1.4 quadrillion isn't that big a number any more -- definitely
in the feasible range sometime in the future. The Awari oracle
(an endgame database that covers every reachable position in the
game!) is a little under a trillion positions, and the 10-piece
checkers endgame database has more than 39 trillion positions.
Building the database would reveal unreachable positions, if
there are any. But it isn't clear that it would offer enough
value to be worth building, because the equity assessments for
race positions can be estimated quite accurately by others means.
- Darse.
happyjuggler0
> > Bonus puzzle for discussion:
> >
> > Are there any no-contact positions that are unreachable?
If o is on roll and x has all her checkers on her 1pt and o has 2
checkers each on x's 2,3,4,5,6,7 points with the 3 spares anywhere on
the board then that is impossible because x could not have made a
legal move last turn. The same holds true for all positions where x
has all 15 checkers on 1 point with a 6-prime directly behind them
with o on roll. Also if there are 14 checkers with the 15th being 1 or
2 pips forward (e.g. 14 on the 6pt and 1 on the 5 or 4pt) and also
with 13 on a point and the other 2 on the next point (e.g. 13 on the
6pt and 2 on the 5pt).
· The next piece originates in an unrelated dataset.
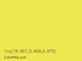 Yxy 76.067,0.409,0.475 Color is a light yellow color and the nearest color is Minion Yellow #f5e050. Hex code #efe74f and RGB value is rgb(239,231,79). In RGB color space, this color is composed of 94% red, 91% green, 31% blue, In CMYK color space, this color is composed of 0% cyan, 3% magenta, 67% yellow , 6% black , In HSL color space, this color has a hue angle of 57° , 83% saturation and 62% lightness.

All these positions are with the priming player
on roll. I will let someone else count how many positions that is. :)
happyjuggler0
Another example 13 on the 6pt and 3 on the 5pt with a 6-prime behind
it. Again,this does not have to be the 6pt and I have no intention
whatsoever of counting all the positions. The 3 spares are by
definition in non-contact positions by the way.